Efficacy of emotion-regulating improvisational music therapy to reduce depressive symptoms in young adult students: A multiple-case study design
Introduction
Depression is the most prevalent mental illness worldwide (Vos et al., 2015) and is often a seriously impairing condition (Kessler et al., 2009). It can be viewed as an emotion regulation disorder that impairs the capacity to label and identify affective states (Compare, Zarbo, Shonin, Van Gordon, & Marconi, 2014). Difficulties with emotion regulation are considered to be an important risk factor for the development of depression (Berking, Wirtz, Svaldi, & Hofmann, 2014). Indeed, people who experience depressive symptoms, also tend to experience difficulties in regulating their unpleasant emotional state (Herwig et al., 2018) and show a decrease in positive affect (Joormann & Stanton, 2016).

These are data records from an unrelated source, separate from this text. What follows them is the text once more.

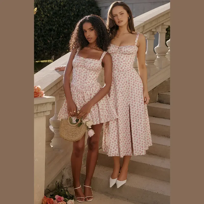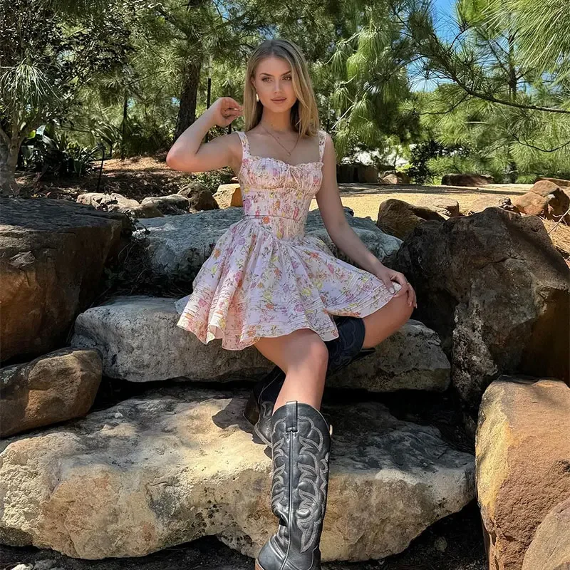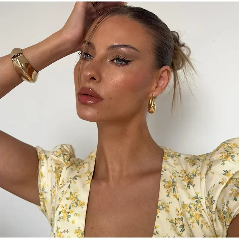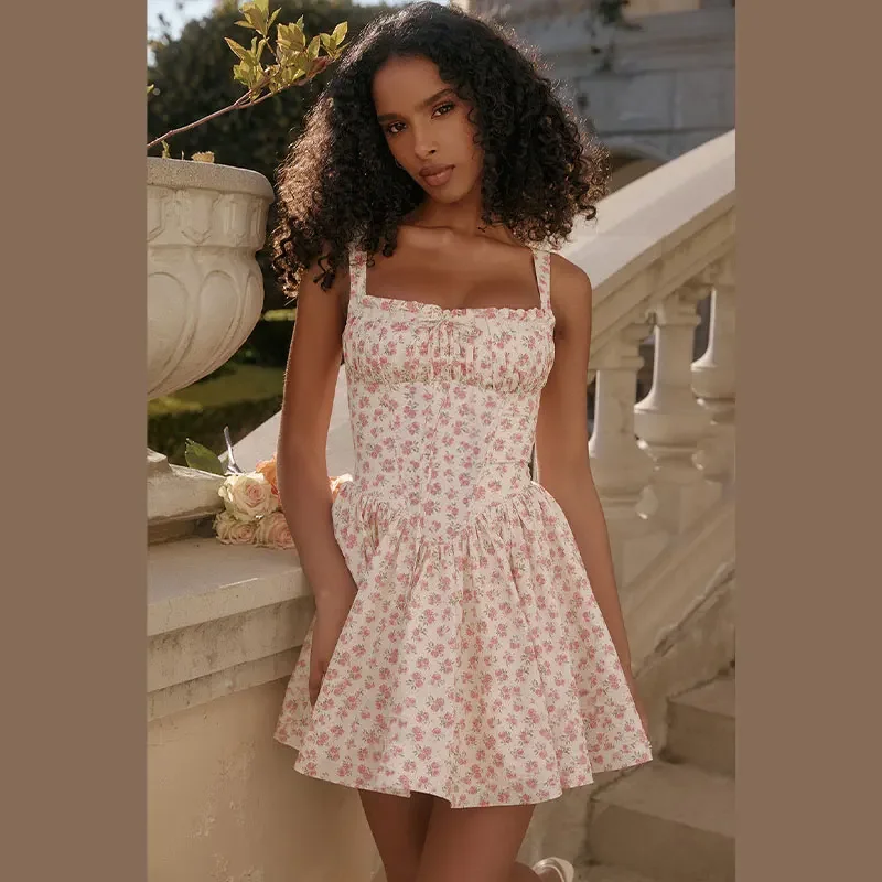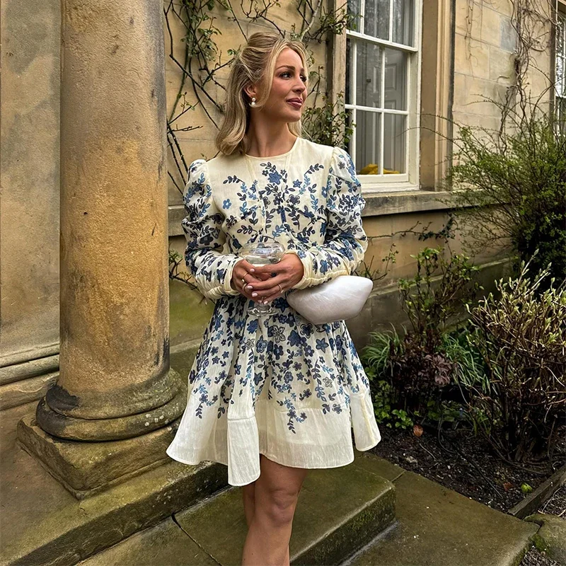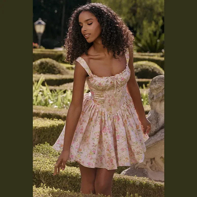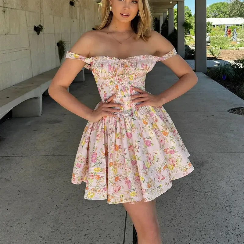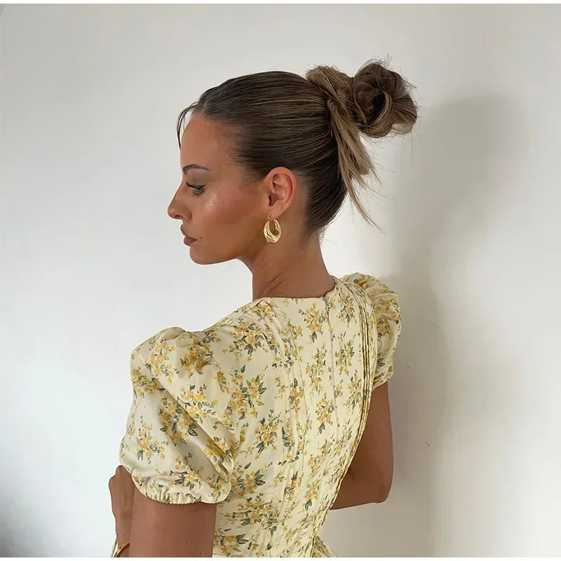Victoria Vogue Women Fashion Short Puff Sleeve Pleated Dresses Elegant Print Deep V Neck A-line Mini Dress 2024 Chic Lady Party Beach Vestidos
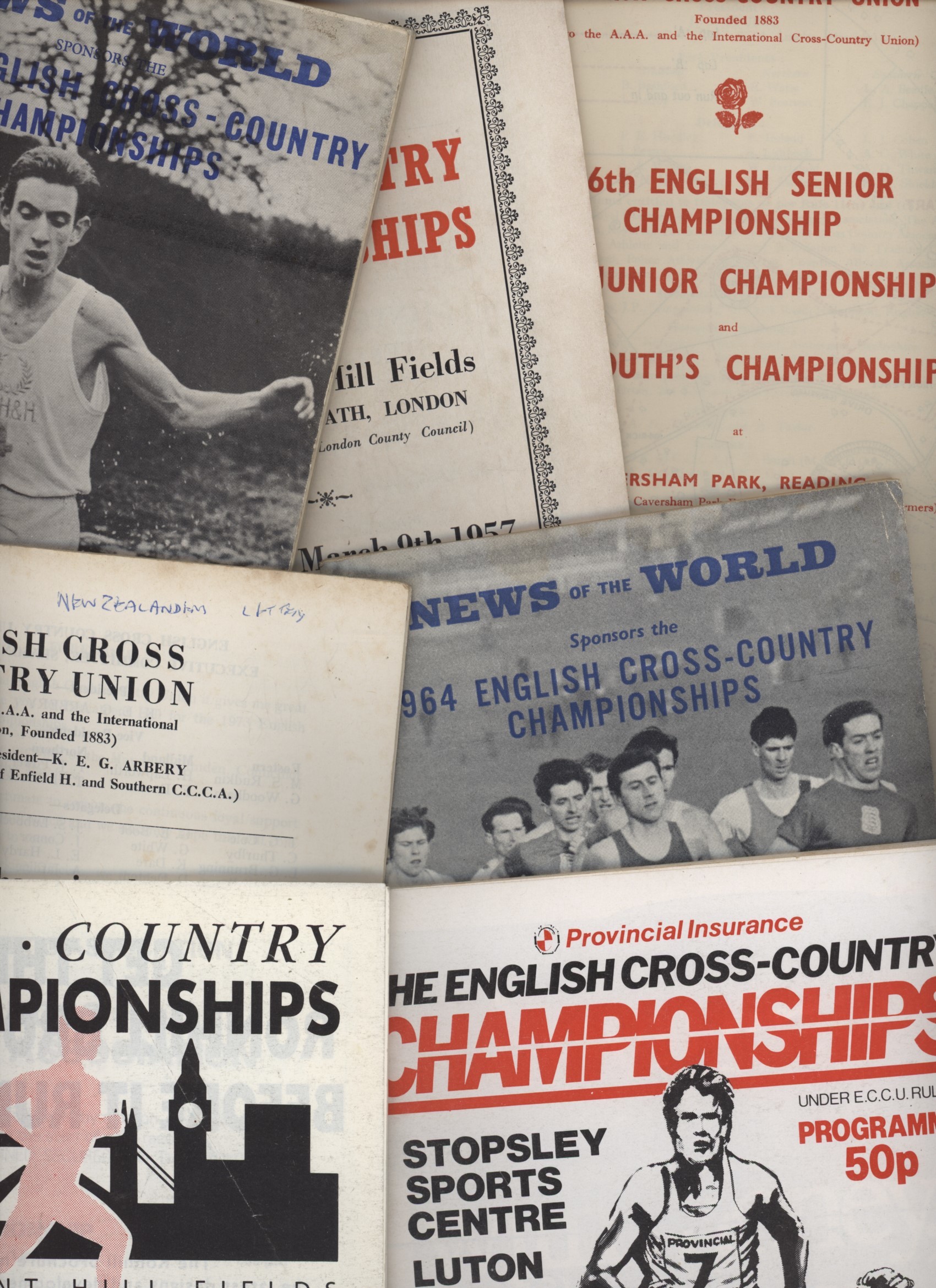 Official programmes for the English cross-country Championships for 1953, 1957, 1963, 1964, 1973, 1983 and 1993. The first won by Gordon Pirie and the last by Richard Nerurkar.
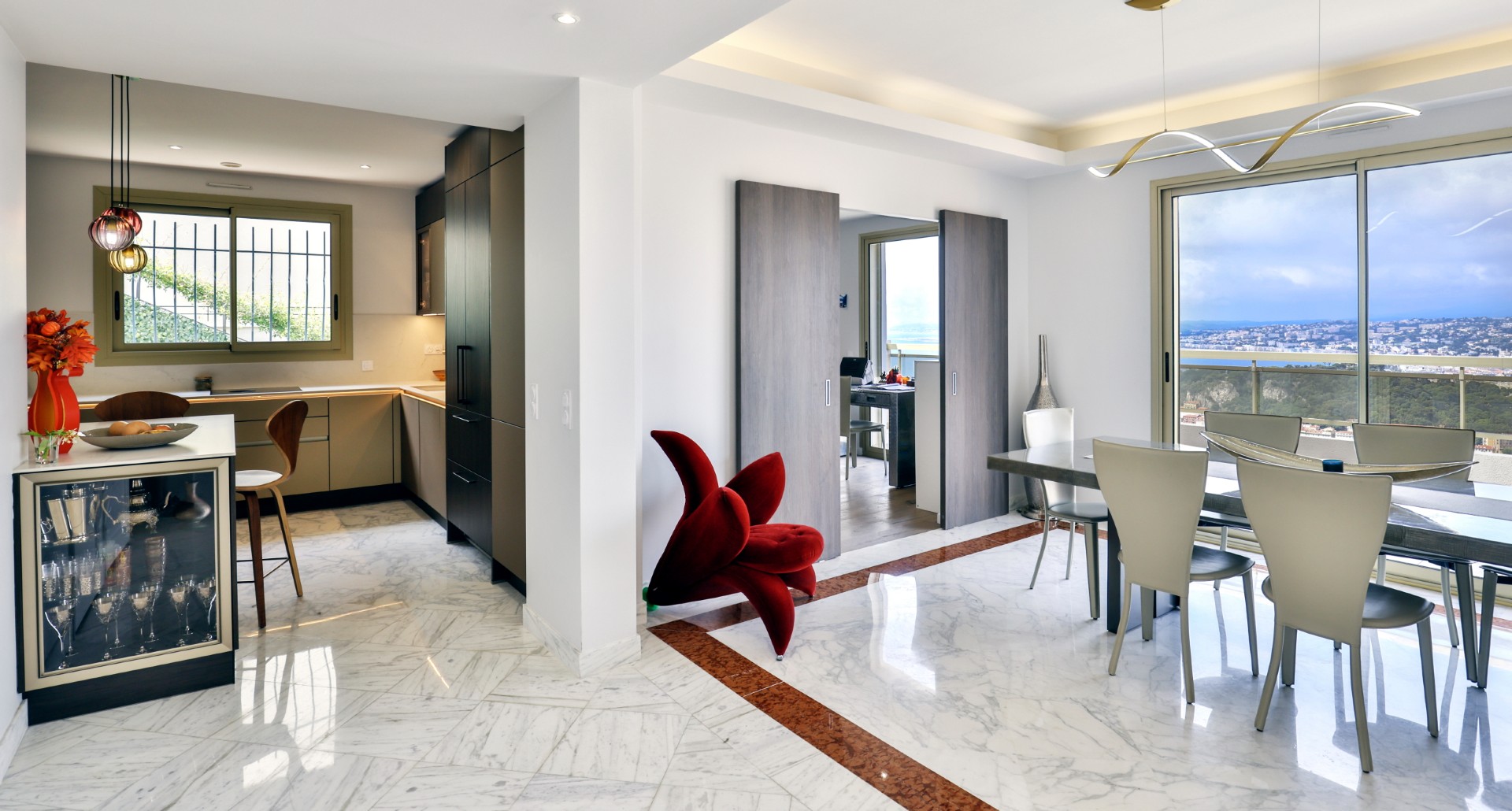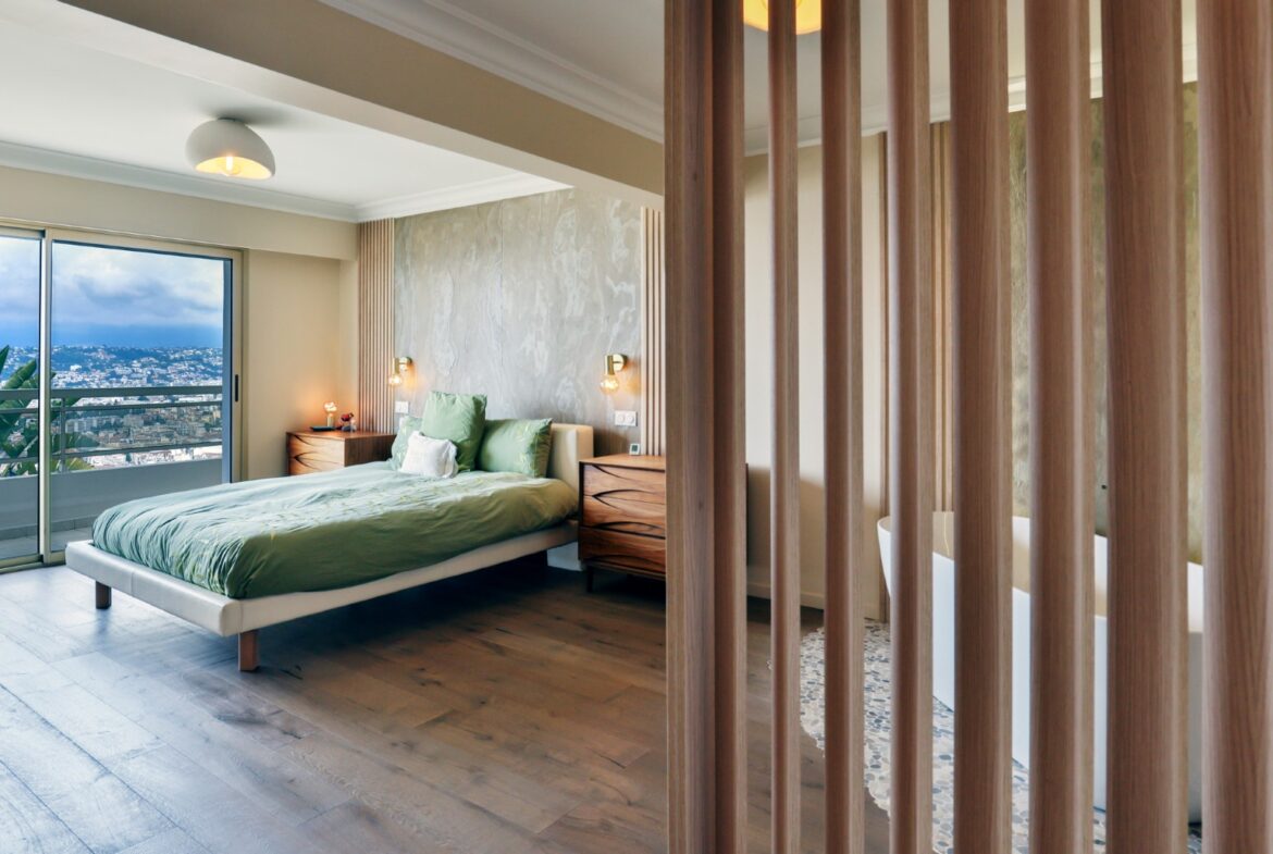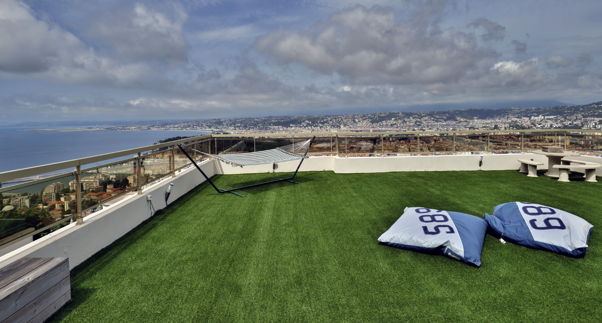 Monesta huoneesta aukeaa huikeat panoraamanäkymät merelle ja Nizzan kaupungin ylle. Talolta on suora käynti Mont-Boronin metsäiseen puistoon ja lyhyt ajomatka sataman ja keskustan kaikkien palveluiden pariin.

Young adults are at increased risk of developing depression with a peak rate of onset from 18 to 25 years (Breedvelt et al., 2018) and evidence suggests that the prevalence of depression amongst young adults is high (Barker, Beresford, Bland, & Fraser, 2019). Young adult students face many stressors that can adversely affect their academic performance (Andrews & Wilding, 2004), hence depression represents a significant health concern for universities with up to a third of students affected at any one time (Ibrahim, Kelly, Adams, & Glazebrook, 2013). As such, more attention should be given to the prevention of depression in university settings (Aalbers et al., 2019; Ibrahim et al., 2013).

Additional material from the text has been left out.